This content was published: September 30, 2019. Phone numbers, email addresses, and other information may have changed.
Learning to be culturally responsive online
Posted by Russell Banks
During the District In-Service this year at Sylvania campus, Heather Guevara, Max Macias, and Casey Twining facilitated a presentation and discussion session around Culturally Responsive Teaching practices. The presentation outlined some of the history that informs CROT (Culturally Responsive Online Teaching) based in Critical Race Theory, which is a broad, multi-faceted subject in itself. However, this presentation was for anyone interested in learning strategies to combat historically problematic teaching methods, targeting the syllabus, discussion area, and video in an online course.

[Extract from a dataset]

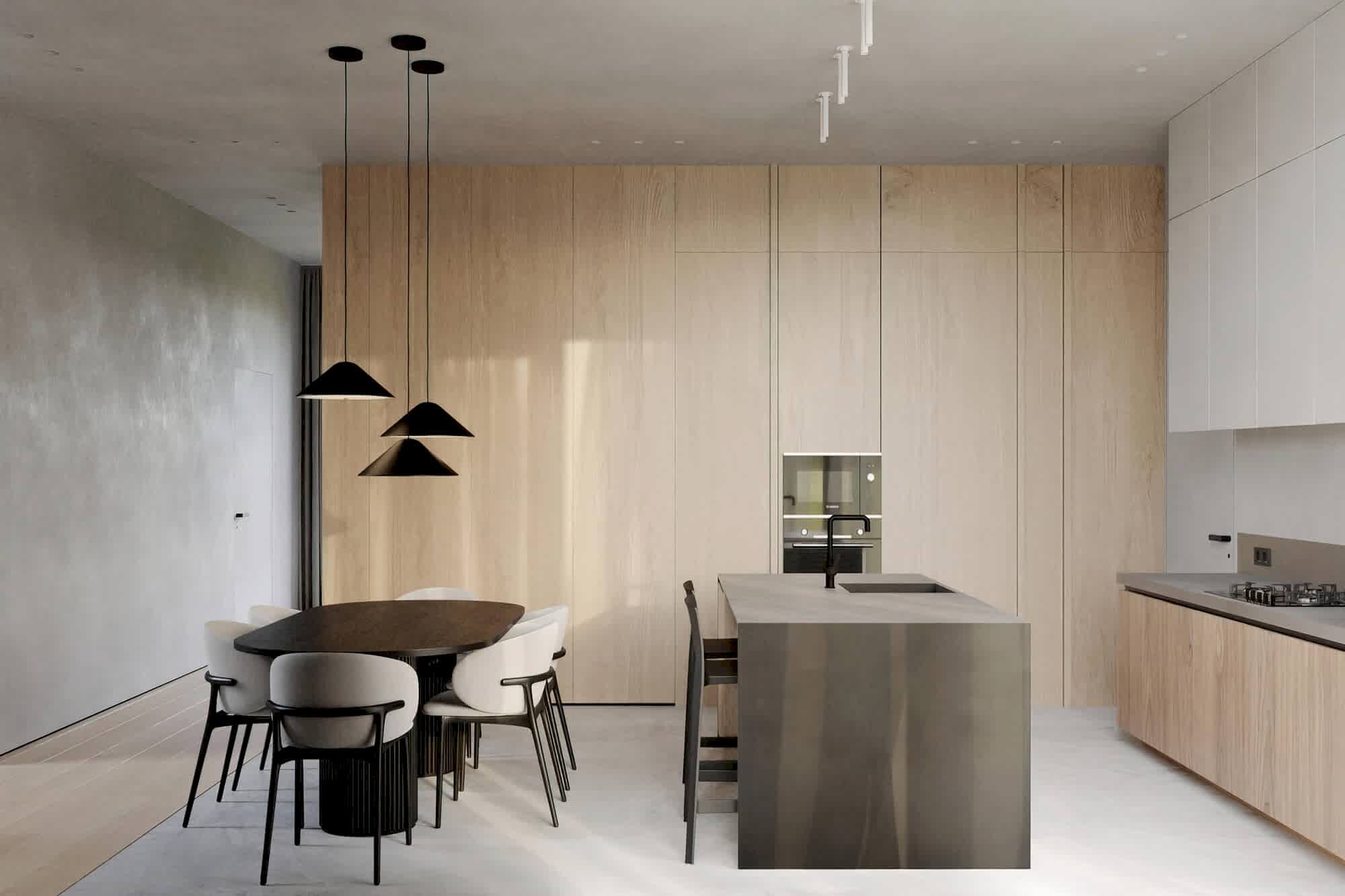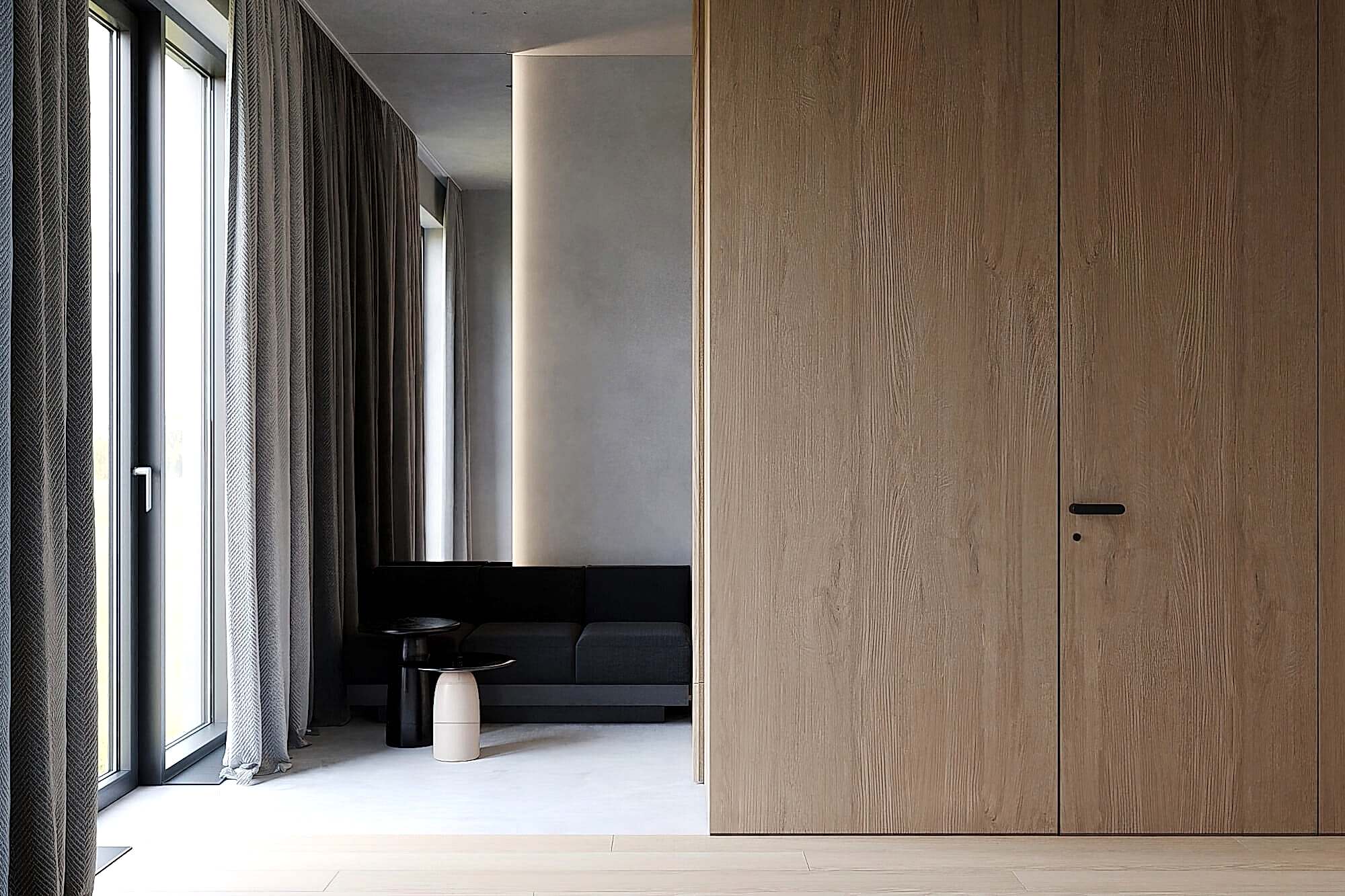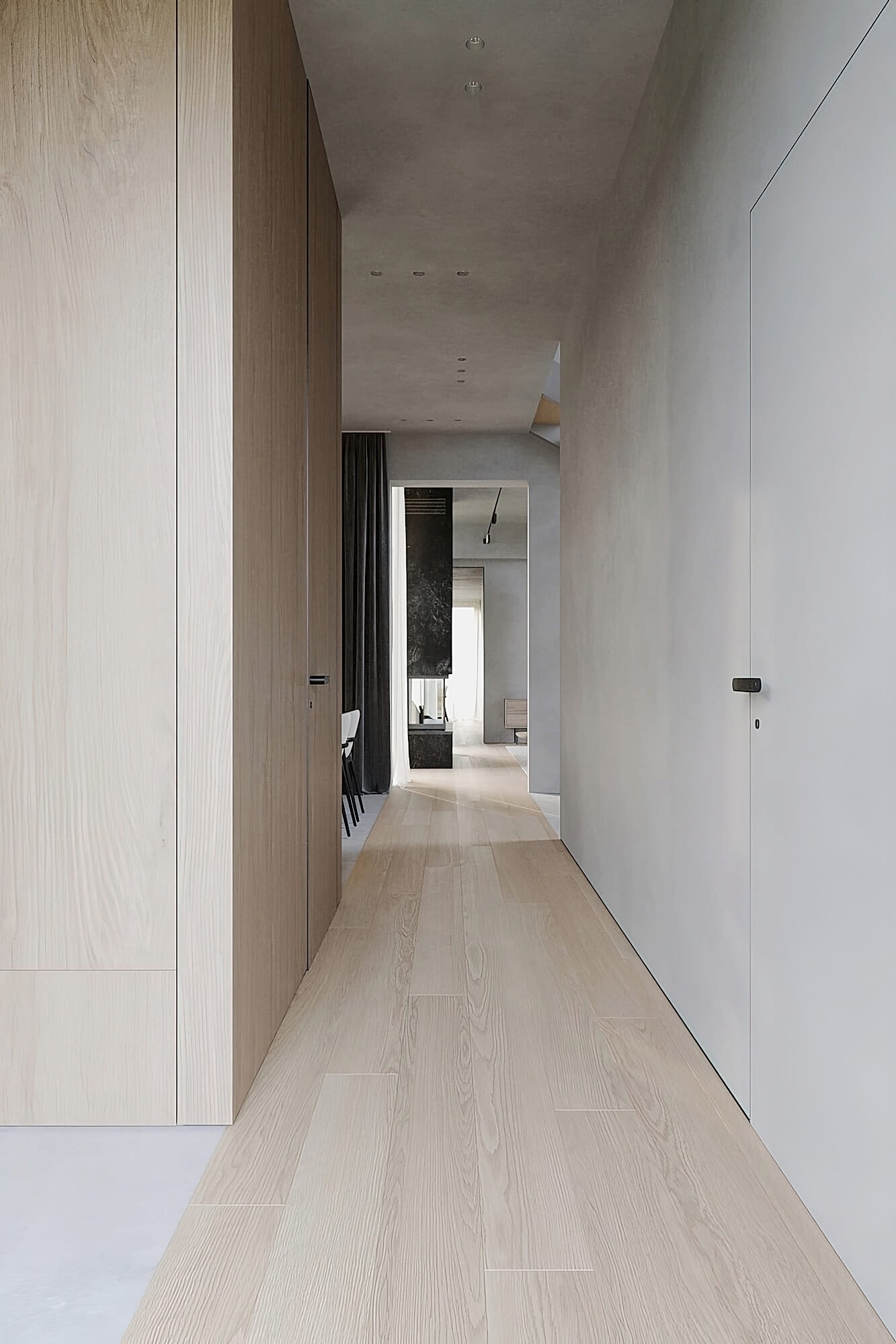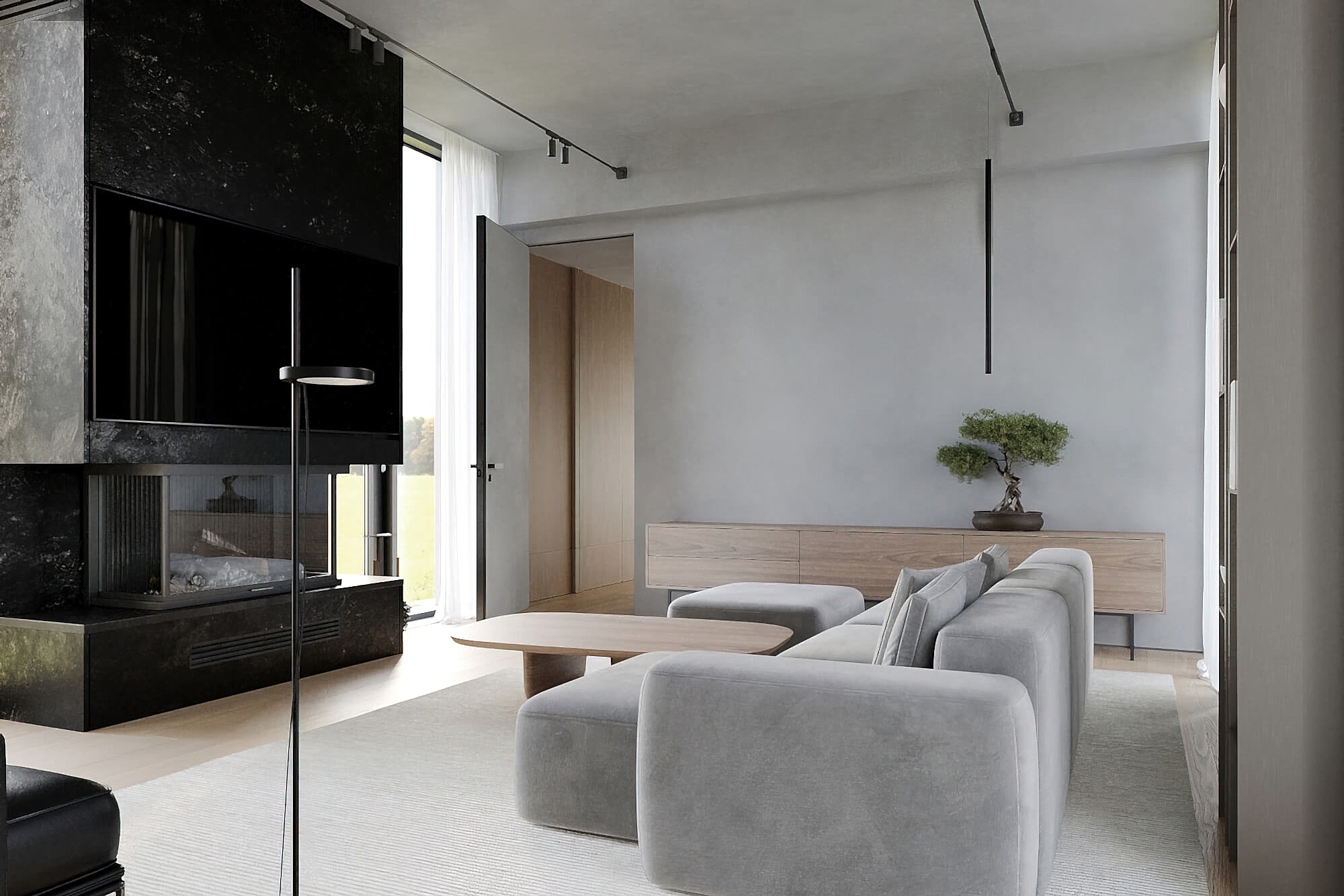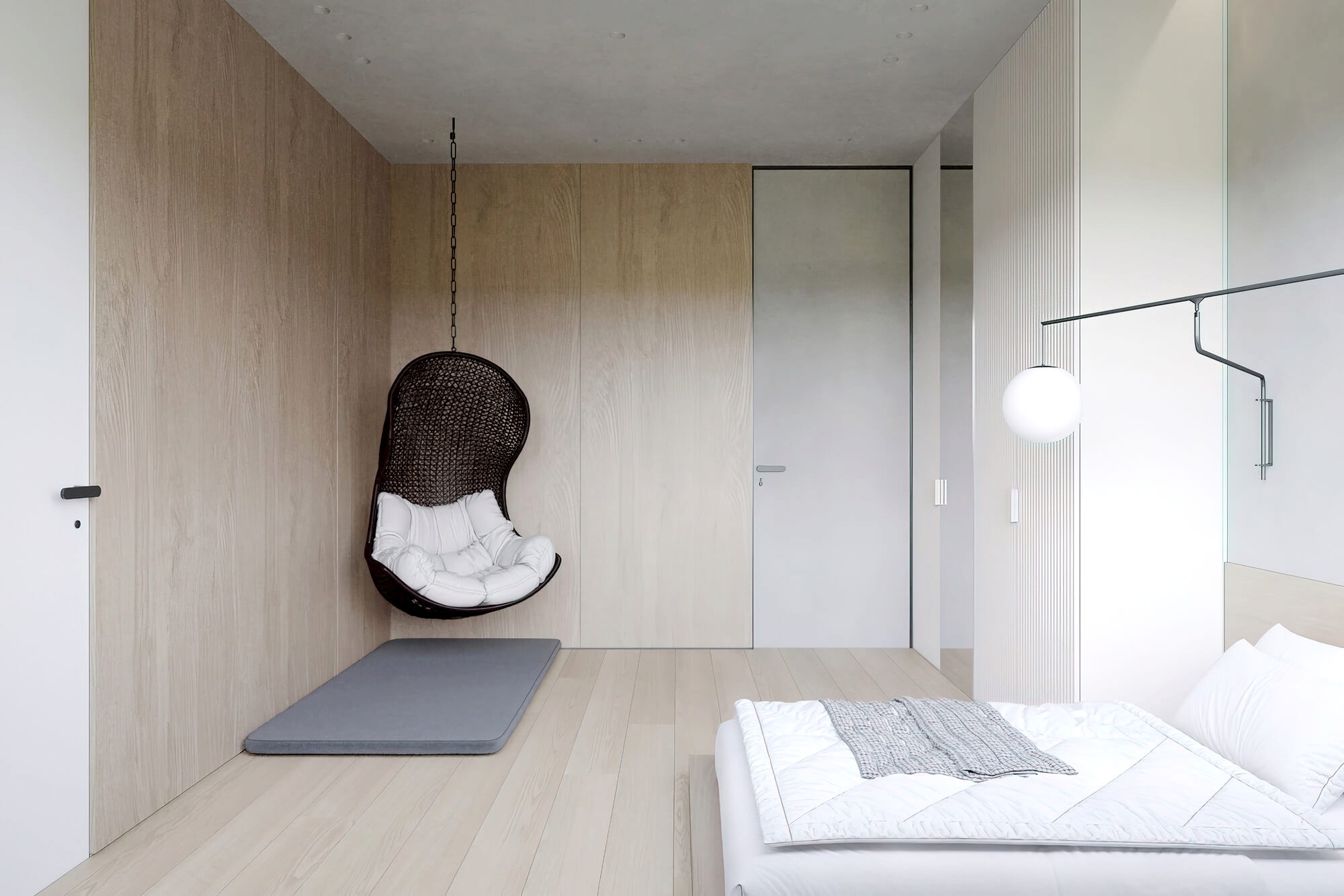 В этом проекте мы Pin-Up японским спокойствием и умиротворением, поэтому был выбран современный минимализм с элементами ваби-саби. Весь интерьер выполнен в натуральных природных оттенках.
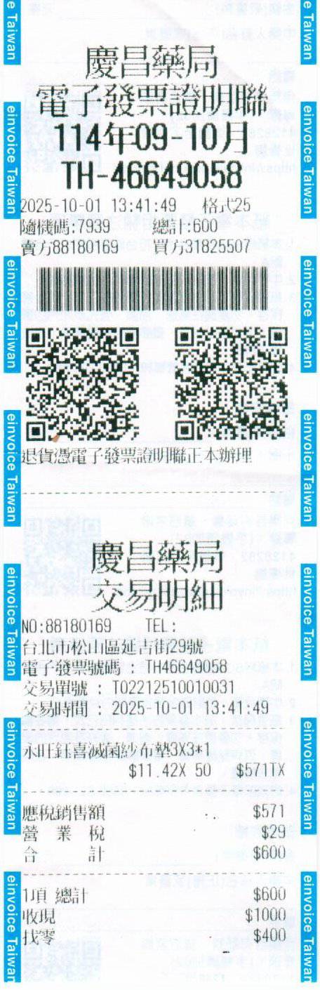 2025/10/1-TH-46649058-慶昌藥局-紗布50包 $600

For an instructor who has answered the ‘why’ they would like to make their course culturally responsive, this presentation will give them specific techniques to encourage CROT principles like:
- Modeling Self-Disclosure: introduce the class to yourself in a more personal way; provide them with information that illustrates a safe-space environment.
- Encouraging Counter Narratives: create discussion prompts that allow the student to synthesize learning through their perspective, not the dominant culture’s prescribed answer.
- Utilizing “Selective Vulnerability”: a term coined by Zaretta Hammond, this principle deals with modeling productive and appropriate sharing behavior in video and the discussion area while providing details from your personal experience.
- Promoting an equitable atmosphere: design your syllabus to communicate the intentions and boundaries of instruction without using alienating or overly legal language.